Power:  Power is the probability of achieving a statistically significant result in a sample study, if the specified effect size is real in the population being studied.  For example, if a medication has a real effect of reducing blood pressure by 10%, and you conduct a study (at your specified significance level) between a medication group and a control group, power is the probability that the study will return a result of “significant.”  Note that the study does not necessarily have to yield a 10% difference between the two groups – rather it simply has to yield a statistically significant difference. The more power you seek, the bigger the sample needed.


Specifying the three parameters is an exercise in tradeoffs.  The smaller the effect you want to be able to find, and the greater the power (probability of finding that effect), the bigger the sample you need.  If your initial goals with respect to these key parameters yield a sample requirement that is beyond your budget or capability, you must compromise something; that is, be willing to set a larger effect size threshold (meaning that you might well miss a desired effect), or you must tolerate a lower power, or both.  The level of statistical significance is not so malleable; it is usually set by external requirements, e.g. regulators or journal publishers who often specify a traditional level of 5%.

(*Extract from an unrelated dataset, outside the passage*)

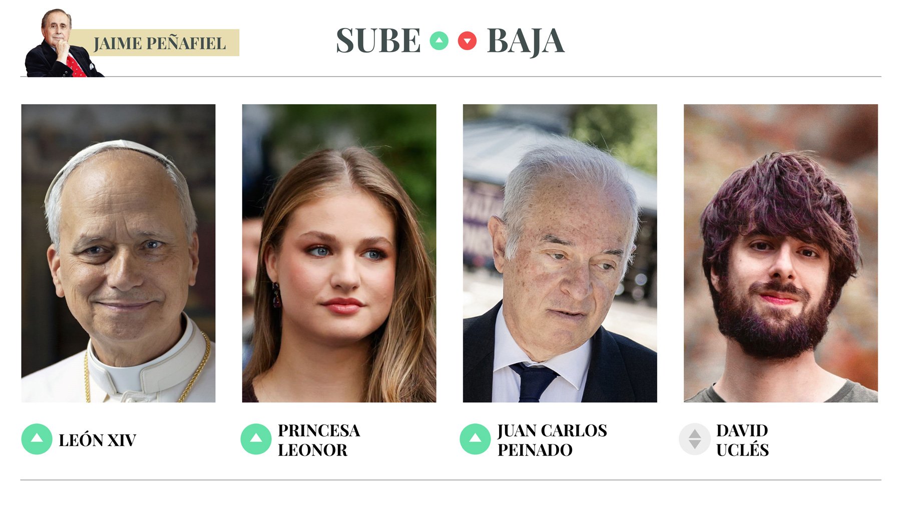 SUBE: León XIV Dos hitos marcan la anunciada visita del Papa a España: la audiencia mantenida en el Vaticano con el alcalde de Madrid, José Luis Martínez Almeida, y la reunión a la que han sido convocados en la Santa Sede el presidente de la Conferencia Episcopal, Luis Argüello, y los cardenales Juan José Omella … Continuar leyendo "Sube & Baja, por Jaime Peñafiel: semana del 3 al 9 de enero de 2026"

Setting the three parameters is a necessary, but not sufficient condition to find sample size.  A fourth factor affecting sample size is the variance in the data. This, of course, is not a parameter set by the user.  The greater the variance in the data, the greater the sample size needed to identify a given effect of interest. Thus, any estimate of required sample size must necessarily incorporate an assumption about variance in the data.  This might be estimated from earlier samples of data, or from knowledge about the process or population involved.

Putting it All Together

Once you have some estimate of the variance in the data, you can visualize the procedure to calculate sample size via a resampling simulation procedure, illustrated here for the case of two samples with continuous numeric data:

  1. Specify the desired effect size, level of significance, and power
  2. Specify two data random generators to generate normally-distributed data from populations with two means that differ by the desired effect size, and with variance as estimated from prior information*
  3. Generate two samples of size n1 — one from each of the data generators
  4. Conduct a significance test on the two samples; record whether the difference is significant
  5. Repeat steps 3-4 say 1000 times; note what proportion of the time the difference is significant – this is the power
  6. If the power is right on target, n1 is the appropriate sample size; if the power is too low you will need to increase the sample size and if the power is higher than needed you can reduce the sample size
  7. Iteratively try different levels of n until the power is where you need it

*If you actually have real data appropriate to the study, you can substitute two bootstrap generators (one shifted by the effect size) for the normally distributed data generator.

In most cases, power will be determined by software calculating formulas, though the bootstrap simulation approach can be used where the situation and the statistic of interest do not fit the data scenario required by the software.